Адрес – «спальный мешок»
Как выяснил «Собеседник», Премджи в Шереметьево такой не один. В международной практике их называют «потерявшимися людьми». У них не только нет билетов, документов и виз. Их самих в юридическом смысле нет. Улететь из аэропорта они не могут, покинуть здание терминала тоже. В результате эти люди месяцами, а то и годами вынуждены жить прямо в транзитной зоне.
Два месяца назад о «заточенных в Шереметьево» писала вся восточноевропейская пресса. Главной героиней публикаций стала нигерийка Элизабет, которая застряла в терминале с сентября 2006-го. Полтора года ее адресом был «спальный мешок цвета хаки, третий этаж Шереметьево-2».
– Не спрашивайте меня, что будет дальше. Я боюсь, что умру, – жаловалась женщина журналистам, и те писали, как Элизабет сбежала от преследований в Мюнхен, как полетела с провожатым на работу в Дамаск, как во время пересадки в Москве провожатый бросил женщину, оставив без денег и документов, и как теперь она голодает и не может выбраться из застенков Шереметьево-2.

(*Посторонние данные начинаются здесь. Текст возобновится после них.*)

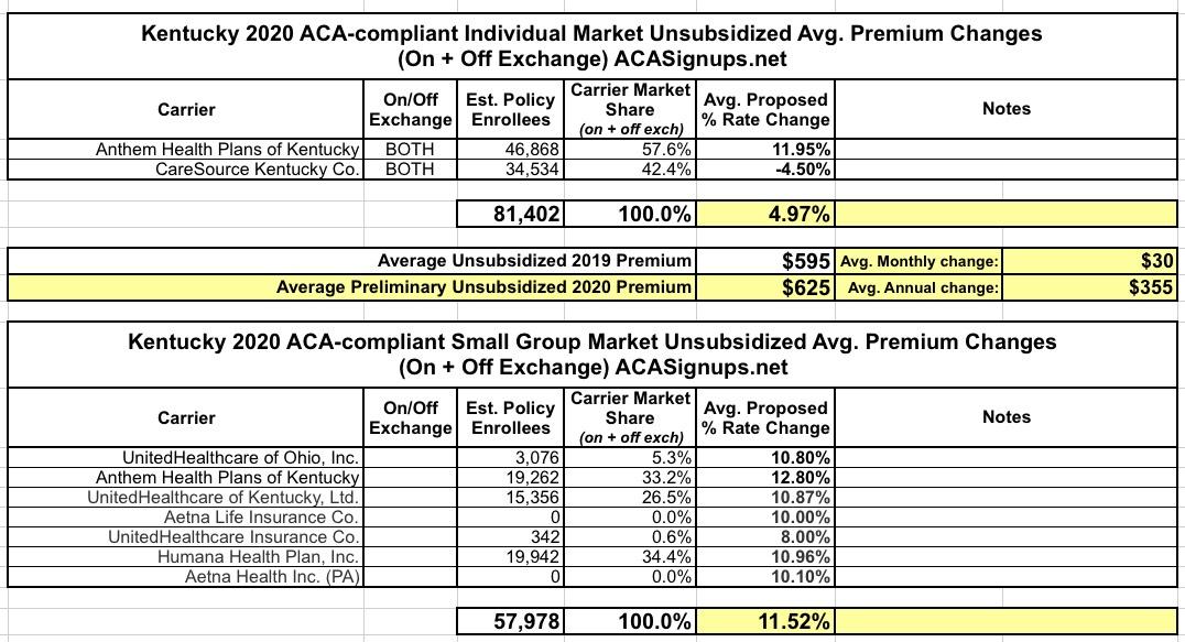Kentucky: PRELIMINARY 2020 ACA Exchange Premium Rate Changes: 5.0% increase

В мире появилось чуть ли не движение в поддержку Элизабет: Инез из Голландии взялась за поиски ее матери в Африке, Тина из Дании организовала сбор денег, парижанка Изабель подключила юристов, а американка Мелани обратилась за помощью в Управление Верховного комиссара ООН по делам беженцев (УВКБ). 27 мая УВКБ, при содействии МОМ (Международной организации по миграции), отправило нигерийку в родной Лагос.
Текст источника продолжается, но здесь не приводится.